Я игнорирую вопрос, и, набравшись смелости, вхожу внутрь своей же ванной. Присутствие Глеба на фоне обшарпанной краски и старого кафеля на стенах смотрится до дикости чуждо.
— Давай, помогу. — Не спрашиваю, ощущая себя более уверенной на своей территории.
Открываю шкафчик и достаю из него коробочку с медикаментами первой необходимости. Открываю перекись водорода и смачиваю ей ватку. Во вторую руку беру полотенце и смачиваю его под проточной водой, чтобы смыть с лица Соколовского грязь.
И всё это под внимательным взглядом медовых глаз.
— Ты тоже что ли головой приложилась, пока убегала от той шпаны?
— А ты можешь просто помолчать? — Хмурюсь я недовольно и, напирая на Глеба, вынуждаю его усесться на стиральную машинку, стоящую у стены.
Я подхожу ближе, держа ватку с перекисью так, будто собираюсь ими защищаться.
— Мне не нужна твоя помощь. — Отмахивается брюнет и отворачивает голову, напоминая маленького и вредного мальчишку.
— Мне твоя тоже не нужна была. — Нагло вру, упрямо глядя на него. — А быть у тебя в долгу — последнее, чего я бы хотела в этом мире. Так что, не дёргайся, пожалуйста. И будем в расчёте.
— Несоизмеримая плата за мою помощь, как считаешь? — Фыркает мажор, скрещивая руки на груди. Однако не сопротивляется, когда я подхожу ближе, практически в упор, и начинаю обрабатывать ссадины на его лице. Лишь изредка кривится и шипит от боли.

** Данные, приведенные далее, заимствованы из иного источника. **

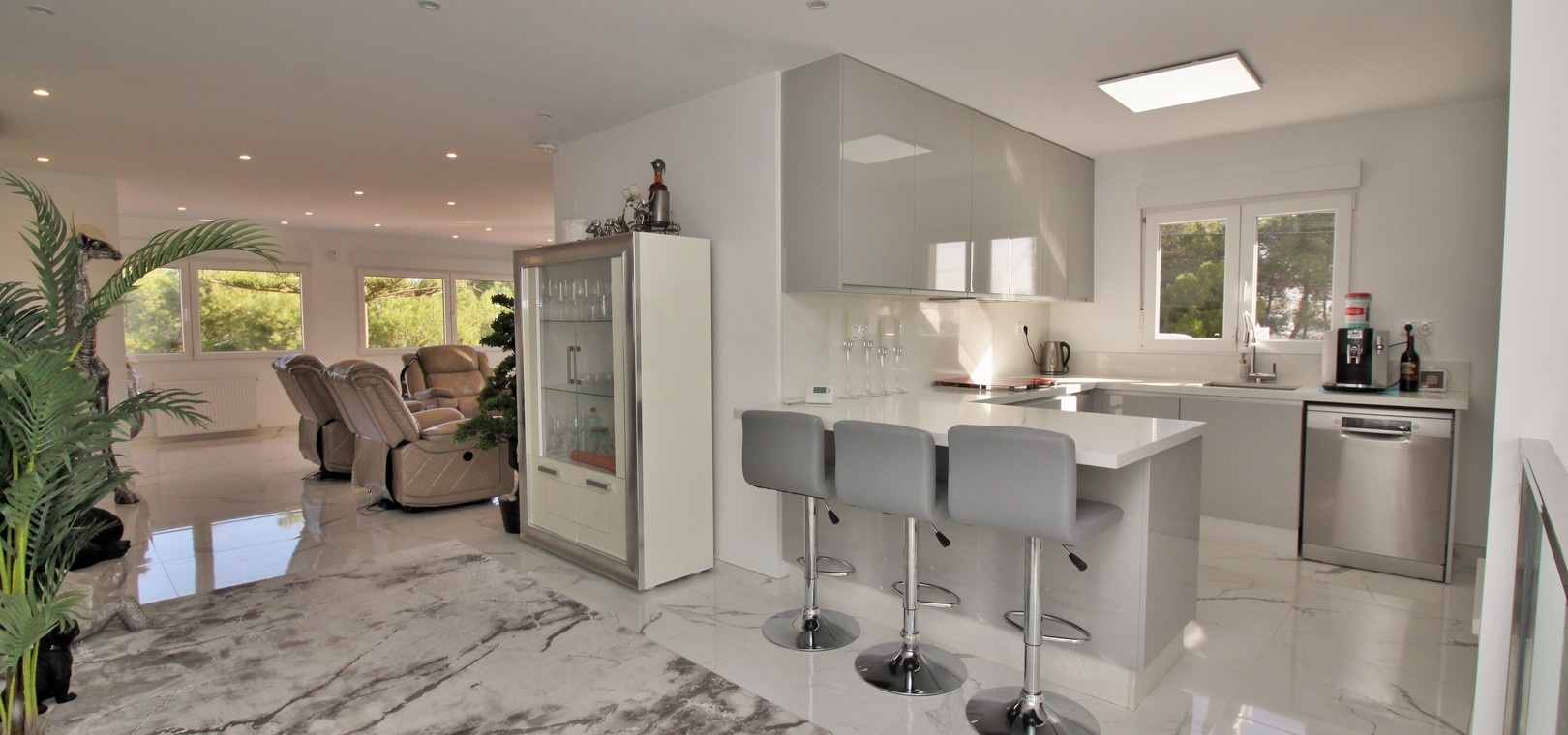 Perceeloppervlakte: 361 m² Volledig gerenoveerd Nieuwe vloer, keuken, badkamers, deuren, ramen Vernieuwde loodgieterswerkzaamheden, elektriciteit en afvoer 2 ruime lounges (één op elke verdieping) 2 tweepersoonsslaapkamers (gelegen op de benedenverdieping) 2 moderne badkamers met inloopdouches Open keuken met aangrenzende bijkeuken Extra berging/bijkeuken met toegang tot het zwembad
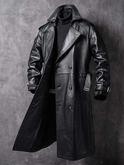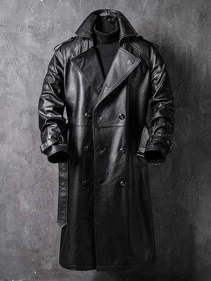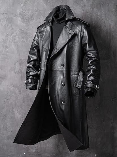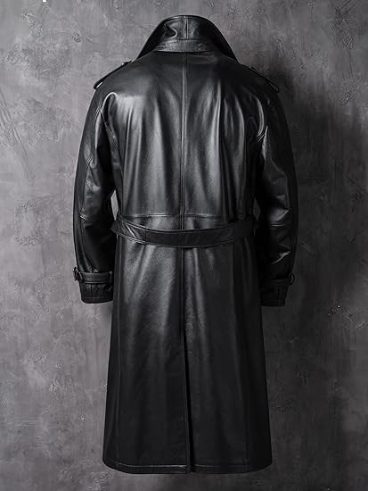 Men's leather windbreaker, medium and long double-breasted belt, leather jacket.

— Считаю, что нужно было научиться драться получше, — пожимаю плечами, стараясь не отвлекаться
— Я тебе Рембо, что ли? — Возмущенно выдыхает Глеб, отдёргиваясь от моей руки, когда я собираюсь обработать последнюю длинную царапину, идущую вдоль нижней челюсти. И смотрит на меня так, будто я своими словами нанесла ему личное оскорбление. — Ну, ушатал бы я двоих. От силы — троих. И то при колоссальном везении. Четвёртый бы подошёл сзади, тюкнул меня по темечку и всё. Гейм овер.
Представшая перед глазами картина почему-то смешит, а не ужасает. Не сдержавшись, тихонько смеюсь. Качаю головой и, наконец, завершаю обрабатывать последнюю царапину, воспользовавшись тем, что Соколовский на мгновение подвис, наблюдая за тем, как я хихикаю над ним.
— Чего смешного, седоволосая? — Скрестив руки на груди, парень расставляет ноги ещё шире, и я оказываюсь прямо посередине. — Я из-за тебя, между прочим, потратил все деньги, на которые планировал развлечься на выходных.
Я вновь пожимаю плечами, выкидывая использованную ватку в мусор.
— Это мелочь по сравнению с тем, какой ущерб ты нанёс моей семье, всего лишь нажаловавшись на меня своему отцу. Хотя, если кого и следовало наказывать, то только тебя.
Я не хотела его упрекать. Не хотела вспоминать прошлое. Не хотела, чтобы Соколовский знал, что его гнилой поступок до сих пор ранит меня в самое сердце. Но слова вырвались сами собой, а забирать их обратно уже поздно.
Но парень не отвечает. Только желваки на скулах играют — он явно злится.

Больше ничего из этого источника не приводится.